I have always been intimidated by this no-bake cheesecake, even though I have made quite a few baked ones (recipes to follow in the near future, God willing!) It's just I have always been apprehensive about the use of gelatin in the making of desserts. And thus I shied away from such recipes!
But, my curiousity got the better of me the other day, and I really wanted to find out if I could make a no-bake cheesecake of my own. Another reason I have never attempted this sort of cheesecake is because of the use of double cream. It is quite difficult to get double cream over here, and to buy it from a supermarket that is two-hours drive away from here (four hours if you consider to and fro!) just doesn't make any sense!
But make it I did! And thanks to Noraini Zakaria for the recipe (sorry! as usual I tweaked the recipe a bit!)

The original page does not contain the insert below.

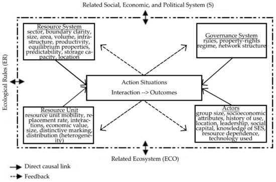 The IAD framework, however, is criticized as it lacks in terms of diversity and complexity of natural system and processes [7]. Therefore, SES is an improved version building upon the IAD framework by expanding the basic variables into more relevant categories, as shown in Figure 1. The SES framework provides a more detailed variable oriented analysis of the social–ecological system [7]. According to Partelow, SES is “a conceptual framework providing a list of variables that may be interacting and affecting outcomes in social-ecological systems” [9]. Via the identified SES attributes, consistent with the application spirit of IAD, we are able to diagnose and explain the interaction (activities) and the outcome of a situation. The community and governance attributes in the IAD context have been maintained as social and governance systems in an SES, while biophysical/ecological attributes converge into two sections, namely, resource systems and resource units. SES, normally applied in the context of commons governance [10], is proven to be versatile and adaptable due to its generality (see the complex adaptive system [11]). It also enables a comparison of different settings in a study where data are collected with the means to compare [9].

- 1 8-inch vanilla sponge cake
- 250g cream cheese (Next time I know better to use Philadelphia!)
- 120g caster sugar
- 15g gelatin
- 60ml water (I used strawberry puree)
- 200ml whipping cream
- 7 strawberries, diced
- 1tsp strawberry emulco
Line a springform cake tin with the vanilla sponge (I baked the vanilla sponge in the tin and just left it there! Lazy me!) Whip the cream until soft peaks and keep in the fridge while preparing the rest of the cake. Beat the cream cheese and caster sugar until creamy. Warm the strawberry puree and dilute the gelatin. Once the gelatin cools, stir this into the cream cheese mixture. Next stir in the whipped cream, diced strawberries and strawberry emulco. Stir until just mixed. Pour this mixture onto the vanilla cake and put in the fridge for at least five hours to set.
P.S. I made the strawberry puree by blitzing another 7 strawberries with 60ml water and passing the mixture through a sieve. This puree gave the cake a more intense strawberry flavor. The vanilla, by the way, was an everything 2oz cake!